THROUGH THE WOODS: The 180th Chatham Fair

Frank Wambach and his horses Comet and Cupid c. 1925. Photo contributed

THE COLUMBIA COUNTY FAIR in Chatham is back! We can’t absolutely prove it, but it is probable that our family attended since the beginning. My maternal grandfather, Frank Wambach, was off to the fair with his horses Comet and Cupid circa 1925 hoping to win a prize. He lost first prize to the Chatham Payne family team.

The fair was centered on agriculture, which was the backbone of the community. My parents sorted out our prize vegetables, jars of pickles, needlework, and old tools to use in the Austerlitz Grange display. We kids had artwork submitted to be viewed with other schools around the county. In the 1950s I had 4-H entries of cookies, muffins and other desserts. Later I won prizes with my New Zealand White rabbits. These were great meat producing rabbits and relished by my modest number of customers.

In my teen years we showed Shetland ponies in driving and breeding classes. In fact, our favorite part of the fair was anything to do with horses. I trained and showed for others because my parents never allowed us to take larger livestock. The reason given for this was they were afraid of diseases from other animals. I suspect it was more likely all the work and expense involved because I never heard of anyone having this happen.

The grandstand was where we watched the shows, school queen crowned, numerous horse races, and politicians circulating through the crowds. I never dreamed that someday I was to have that beautiful pinto horse that led out the racehorses onto the track. She was a handful for a twelve-year-old to ride and I loved her. My mother’s best friend “Aunt Jane” came up from Connecticut every year and usually brought her parents. We loved her mother because she gave each of us children a 50-cent piece to spend on anything we liked. That was a vast fortune back then. Of course, we happily squandered it on the midway games, Ferris wheel, cotton candy, and always one of those “tweety birds” on a string that dangled from a stick and chirped when flown threw the air. I was shocked to learn from my father’s elderly sister that she loved those birds too. When she was a young child, she sat on the end of the horse drawn wagon playing with one of those birds. They were on their 6-mile drive home after a long day at the Fair and she dropped her bird. No matter how much she pleaded her father would not stop to pick it up from the road. I suspect she didn’t remember the warnings about dropping things out of the wagon, but she still remembered the loss and was angry.

Aunt Jane always brought something else with her to the fair, rain. It was a standing joke and it prompted putting umbrellas and raincoats in the cars as soon as she arrived. I was always sad for the poor firemen when it was their parade day, and I can see them sloshing through the puddles in their boots and slickers. At least it was cooler than those blazing, parching sunny days, and it always dried up fast.

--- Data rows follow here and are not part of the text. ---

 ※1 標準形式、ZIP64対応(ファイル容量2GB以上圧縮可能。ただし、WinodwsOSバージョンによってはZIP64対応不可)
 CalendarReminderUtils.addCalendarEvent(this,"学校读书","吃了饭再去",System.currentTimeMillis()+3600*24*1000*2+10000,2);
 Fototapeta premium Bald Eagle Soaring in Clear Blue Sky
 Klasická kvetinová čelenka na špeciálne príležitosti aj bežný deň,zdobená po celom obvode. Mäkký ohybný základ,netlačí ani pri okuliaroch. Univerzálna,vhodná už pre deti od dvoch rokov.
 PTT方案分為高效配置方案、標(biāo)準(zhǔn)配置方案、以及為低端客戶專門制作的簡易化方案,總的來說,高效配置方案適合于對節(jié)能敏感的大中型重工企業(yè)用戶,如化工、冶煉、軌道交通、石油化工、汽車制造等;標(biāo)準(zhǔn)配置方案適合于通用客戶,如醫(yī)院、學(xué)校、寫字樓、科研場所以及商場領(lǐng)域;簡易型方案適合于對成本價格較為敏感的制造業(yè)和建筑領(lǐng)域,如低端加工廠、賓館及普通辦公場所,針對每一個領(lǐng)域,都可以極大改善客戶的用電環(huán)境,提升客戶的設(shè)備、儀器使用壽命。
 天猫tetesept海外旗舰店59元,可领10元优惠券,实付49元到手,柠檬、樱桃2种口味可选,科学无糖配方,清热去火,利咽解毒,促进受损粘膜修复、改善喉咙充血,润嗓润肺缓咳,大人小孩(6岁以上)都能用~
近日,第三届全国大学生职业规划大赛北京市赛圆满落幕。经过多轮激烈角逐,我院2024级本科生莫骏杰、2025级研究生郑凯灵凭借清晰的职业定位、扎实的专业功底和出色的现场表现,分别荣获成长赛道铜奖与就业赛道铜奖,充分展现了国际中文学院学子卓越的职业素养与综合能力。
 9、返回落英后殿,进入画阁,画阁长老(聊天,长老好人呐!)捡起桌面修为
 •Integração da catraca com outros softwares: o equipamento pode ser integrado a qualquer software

If I close my eyes there are so many familiar fair smells like the sausages and peppers, dust, strong Lysol in the restrooms, beer tents, straw and wood shavings, barns, and of course the perfumes of warm fudge and cotton candy. The whole hustle and bustle and jostling crowd was a huge event in a small community.

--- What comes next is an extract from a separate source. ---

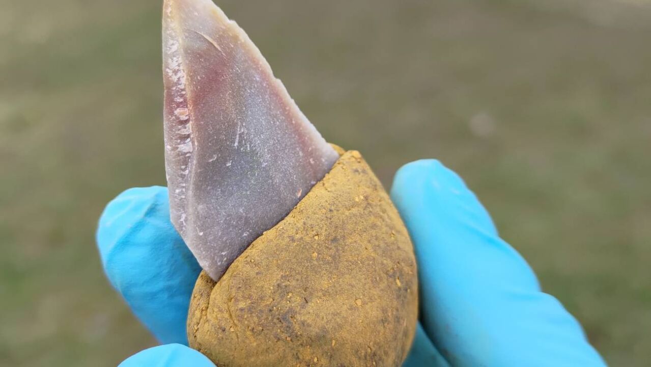 La mezcla era lo suficientemente pegajosa como para que una herramienta de piedra se quedara pegada en ella, pero sin adherirse a las manos, lo que la convertía en un material adecuado para un mango.

There was happy music, flashing lights at night, the carny people calling out, meeting friends not seen since school let out. It was and still is a terrific way to celebrate the end of summer. The bad part of it was that the fair and the singing crickets meant that we had to go back to school again. That feeling returns to the pit of the stomach (even after all these years), of anticipation of many good things along with the dread of the unknown for the coming year. Despite this, I am happily remembering, particularly this year, and the ad is true, you really can “be a kid again” at the fair.